■ **DATA BELOW**:
* * * * * * * * *
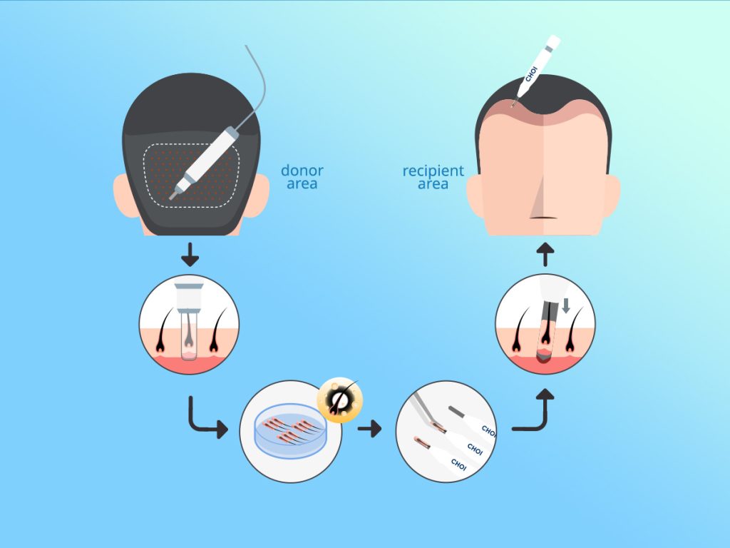 Follicles are extracted individually (one follicle at a time) and directly from the back of the scalp randomly, using specialized tools. When extraction is done correctly, this technique doesn’t leave any scars. The donor area heals faster than in old traditional methods, like the FUT technique.
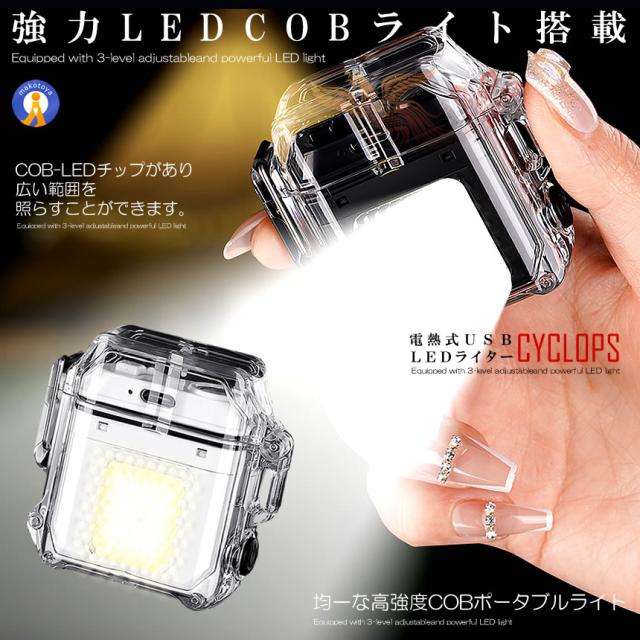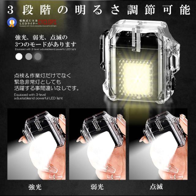 2個セット 電熱式 ライト付き ライター COB 照明 懐中電灯 3段階光モード ポケット 防水 作業灯 読書灯 COBRAIRAI
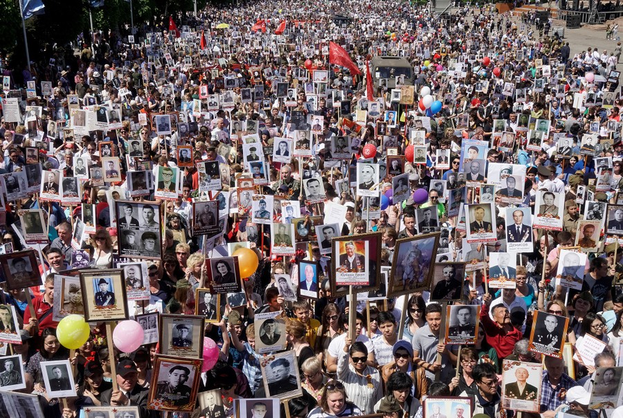 Read morePeople carrying portraits of deceased relatives who took part in World War Two, march in a parade during Victory Day commemorations in Almaty, Kazakhstan, on May 9, 2017. #
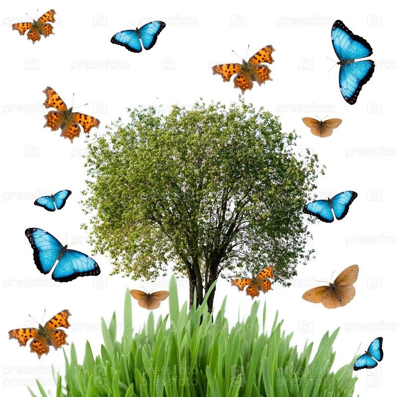 Дерево, трава и бабочками, изолированные на белом фоне
* * * * * * * * *
■ **YOUR OBJECTIVE**: Find the line with "Read morePeople carrying" in the listing and extract it and all lines after it through the end, exactly, without the pictures.

■ **WRITTEN ANSWER**:
 Read morePeople carrying portraits of deceased relatives who took part in World War Two, march in a parade during Victory Day commemorations in Almaty, Kazakhstan, on May 9, 2017. #
 Дерево, трава и бабочками, изолированные на белом фоне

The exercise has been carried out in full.